The CIF model for DNA.

In this model, the counterions can move freely along the macromolecular “subunit lengths” under the influence of an external electric field^{11, 36}. Total polarizability is given by ${\alpha }_{CIF}=\frac{z^2{q}^2{L}_s^2{n}_{cc}{A}_{st}}{12k_{B}T}\frac{l_{DNA}}{L_s}$, where z, q, Ls, n_cc, A_st, l_DNA, k_B, and T are the valence of counterion, the electric charge, the subunit length of DNA, the number of condensed counterions, the stability factor of the ionic phase including mutual repulsion between fixed charges on the backbone and the effect of Debye screening, the contour length of DNA, the Boltzmann constant, and the temperature, respectively. A_st is given by $A_{st}=\frac{1}{1-2(z\xi -1)\text{ln}\left(K_{s}b\right)}$, where ξ, K_s, and b are charged density parameter $\xi =\frac{q^2}{4\pi {\epsilon }_m{k}_{B}Tb}$, reciprocal of the Debye screening length $K_s=\sqrt{\frac{N_{AV}{q}^2}{{\epsilon }_m{K}_{B}T}\left(C_i{z}^2+\frac{C_p}{\xi }\right)}$, and the average distance between charged sites for the DNA double helix (b = 0.173 nm). Also, $C_i=\frac{{\sigma }_m}{q\mu N_{AV}}$ and $C_p=\frac{2C_{DNA}}{M{W}_{bp}{10}^{-3}}$ are the concentration of ions surrounding DNA and concentration of the phosphate group. Using q = 1.6 × 10⁻¹⁹ C, T = 298 K, ε_m = 78ε₀, N_AV = 6.02 × 10²³ (Avogadro number), z = 1, σ_m = 5 × 10⁻⁴ S/m, × = 8 × 10⁻⁸ m²V⁻¹s⁻¹ (ion mobility), C_DNA = 0.12 μg/μl (DNA concentration), MW_bp = 649 Da/bp (molecular weight per base pair), A_st is estimated to be A_st = 0.029. The subunit length L_s is given by $L_s=\sqrt{\frac{9\Delta \epsilon }{\pi {\epsilon }_m(z\xi -1)A_{st}{N}_{AV}{C}_{p}b}}$ , where ∆ε is the dielectric increment. With Δε = 1 ~ 10 experimentally determined with various DNA^{41, 46}, L_s is estimated to be 1.02 × 10⁻⁷ ~ 3.23 × 10⁻⁷ m. Using the number of condensed counter ions $n_{cc}=\frac{{\varphi }_c{L}_s}{z\cdot b}$ and a fraction of condensed counter ions ${\varnothing }_c=1-\frac{1}{z\xi }$, α_CIF is estimated to be 1.51 × 10⁻²⁹ ~ 1.51 × 10⁻²⁸ Fm². For the 48,500 bp DNA, the total polarizability divided by the DNA base pairs α_CIF/bp lies between 3.12 × 10⁻³⁴ ~ 3.12 × 10⁻³³ Fm²/bp. Finally, the strength of F_DEP = ¼α_CIF∇E² is estimated to be 0.962 ~ 9.62 nN.
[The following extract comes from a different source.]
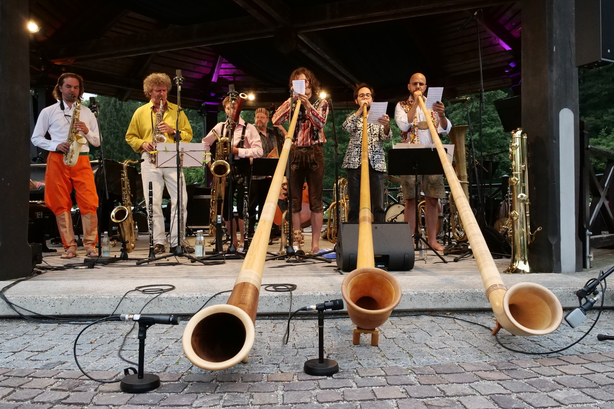 Einer der aufregendsten Momente des Festivals war sicherlich der Abend mit dem Vijay Iyer Sextett, das ungestüm einen dynamischen Parforceritt durch die Jazzgeschichte veranstaltete und mit ungezügelter Spiellust das Publikum in ihre teilweise komplexe, aber immer groovende Klangwelt entführte. Am Lustigsten war zweifelsohne Matthias Schriefls Six, Alps & Jazz – immer mit schelmischem Augenzwinkern bei der Sache ohne musikalisch Kompromisse zu schließen und am Intimsten sicherlich der Moment, als es beim Florian Favre Trio im zweiten Set anfing etwas zu regnen und das Publikum von den Musikern eingeladen wurde, sich einfach unter das Dach des Pavillons auf die Bühne zu setzen, um dann den Rest des Abends im Trockenen genießen zu können. Last not least natürlich die sonntäglichen Matineen im Zeughaus/Brunnenhof, die das Festival-Programm abrundeten.

Thermal fluctuation of DNA using the worm-like chain model.

The thermal force is given by F_th = k_BT/2R_H, where k_B, T, and R_H are Boltzmann constant, temperature, and a hydrodynamic radius of DNA. In the worm-like chain model⁴⁹, the radius of gyration R_g of DNA is given by $R_g=\sqrt{\frac{1}{3}PL}$, where P (= 50 nm) is persistence length of DNA and L (= 22,000 nm) is the contour length of YOYO-1 labeled DNA. R_g is estimated to be 606 nm. Using the relationship of R_H = R_g/1.54, the R_H is estimated to be 393 nm. Finally, F_th is calculated to be 5.23 fN. By equating F_th with F_DEP, the strength of the field gradient ∇E² = 4F_th/α is calculated to be 3.20 × 10¹³ ~ 8.08 × 10¹⁶ V²/m³ with the lower and upper limit of estimated α values from both the CM factor and CIF models.